SourceForge Headquarters 225 Broadway Suite 1600 San Diego, CA 92101 +1 (858) 422-6466

An interesting problem has emerged from one of the W3C XSLT tests.

The test looks like this:

<xsl:stylesheet version="2.0" xmlns:xsl="http://www.w3.org/1999/XSL/Transform">

   <?spec xslt#document?>

<xsl:template match="/">
  <out>
      <!-- test use of an escaped URI with document() function -->
      <xsl:copy-of select="document('xgespr%C3%A4ch.xml')/*"/>
  </out>
</xsl:template>

</xsl:stylesheet>

Note the (relative) file URI:

xgespr%C3%A4ch.xml

The percent encoding equates to lower case a-umlaut.

Now on my linux system, file name encoding is UTF-8 (I think), but the
file supplied with the test suite exists on my system with the
a-umlaut as a Latin-1 character. I am not sure if this is a bug with
the unzip command, or what (in fact, I am very unsure about everything
to do with this - the one thing I am certain about is that the percent
encoding MUST be interpreted as UTF-8, and the file name decoded
accordingly).

Not surprsingly, the test fails on my system.

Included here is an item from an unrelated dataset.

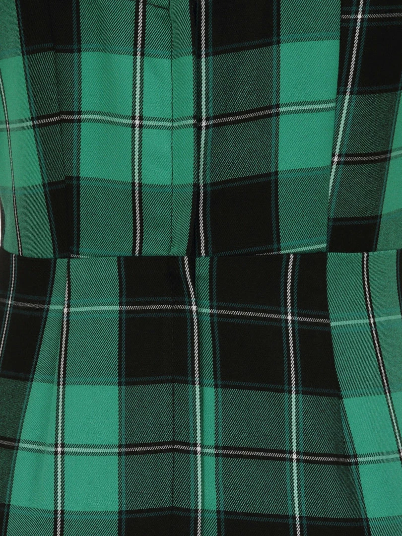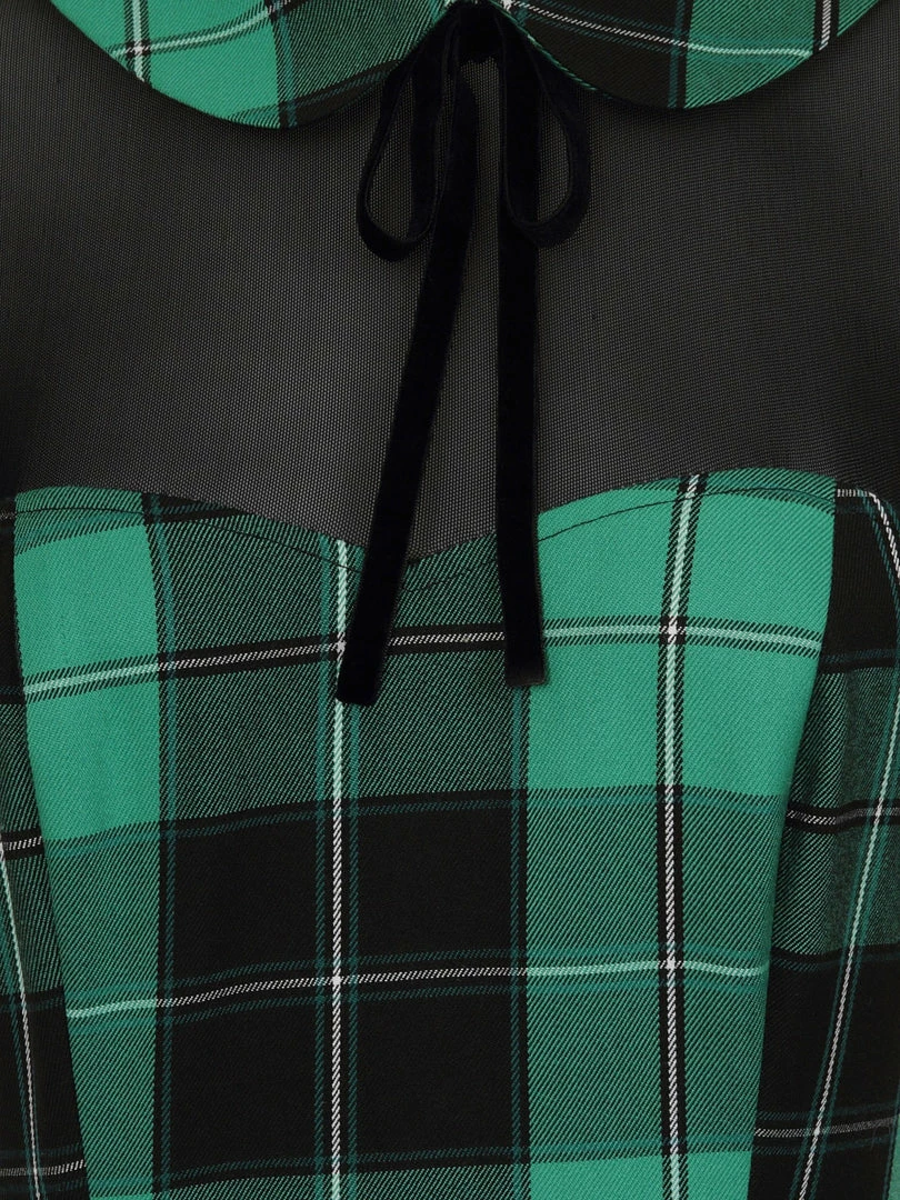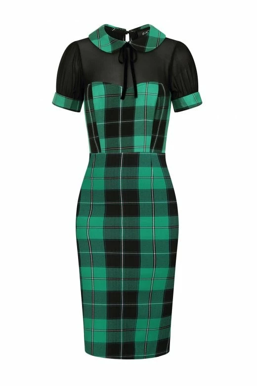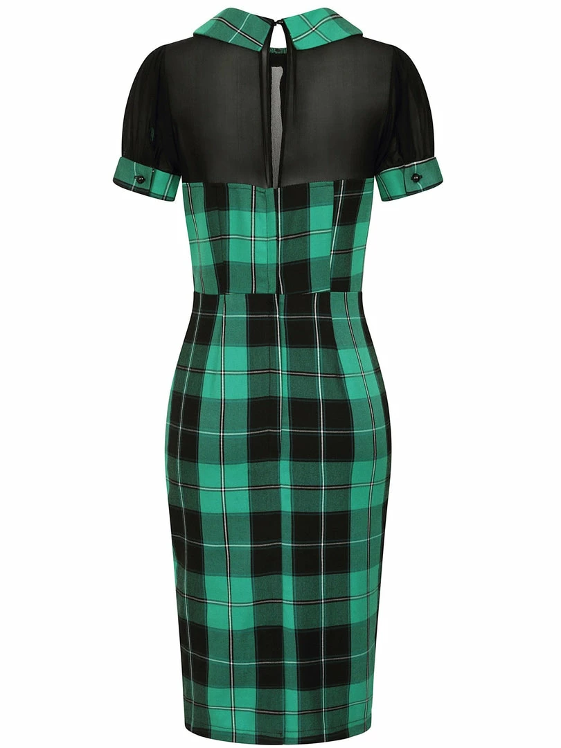 You’ll want to check out this new beauty! The Mac Foliage Check Pencil Dress comes in a delightful bespoke print of jade green and black check, making her perfect for Autumn, but versatile enough to wear in any season! She is a classic pencil shape ending approximately on the knee, and she features an elegant black mesh over the top of the bodice, finishing in an adorable Peter Pan collar with a black velvet tie. Her back features a cheeky keyhole in the mesh, and she fastens with a zip at the waist. Her short sleeves are puffed and end in gorgeous matching check cuffs with black mushroom buttons.Â

But I begin to wonder if the test would not also have failed if the
file name were correct as a UTF-8 file name.

The resolver uses UT_FILE_URI_ROUTINES, whichj in turn make use of

file_system.pathname_to_string (uri_to_pathname (a_uri))

As far as I can tell, the net result of this is to pass a UTF-8 byte
string to the Eiffel runtime as a STRING/STRING_8.

I suspect the runtime expects a Latin-1 name, but I don't know.
What about on a windows system with the file system using UTF-16.

Manu, can you tell me what the ISE runtime expects? And does it make a
difference if you pass a STRING_32?
-- 
Colin Adams
Preston Lancashire